Mac ignored them all as he gathered together his tape recording equipment and sidled around the milling bodies to get back out the door.
He should have known better. John intercepted him first.
"Just thought you might want to know," he said. "Mary Willoughby reported a weenie-wagger this morning."
Mac shifted the equipment in his arms to rub at his head. "You're kidding. When?"
'"Bout four-fifteen. She'd gotten up to go to work at the hospital and saw this guy out on her lawn playing the one-handed flute. Right in front of the picture window."
Mac sighed. "Allen?"
"She didn't see a face. However, she would remember the flute. Said it was symphony quality."
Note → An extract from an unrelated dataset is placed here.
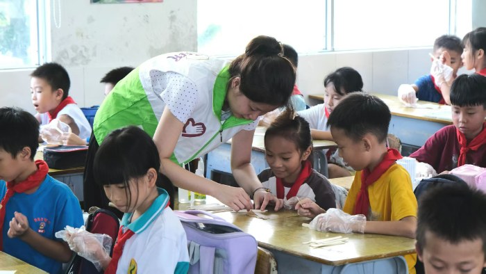 該團(tuán)隊講師通過“每2秒就有動物因塑料而死”的實例,把抽象的環(huán)保概念變成孩子們能理解的具體認(rèn)知。隨后,還科普了一些在日常中可以減少浪費的方法,并引導(dǎo)他們在布袋上自由繪畫,讓想象力為環(huán)保增添色彩。

Mac let out a surprised bark of laughter. "Head over to Allen's," he said. "Get inside and talk to him... wait a minute. Willoughby's is right behind Chris's, isn't it?"
John nodded.
Mac wasn't sure whether he felt better or worse. "Then make sure you talk to him. He might have seen something. After that, meet me over at the hospital. I have to do an interrogation."
Mac tried another run at the crowd. This time, Sue appeared in front of him like the avenging angel. "I'm counting on you," she warned.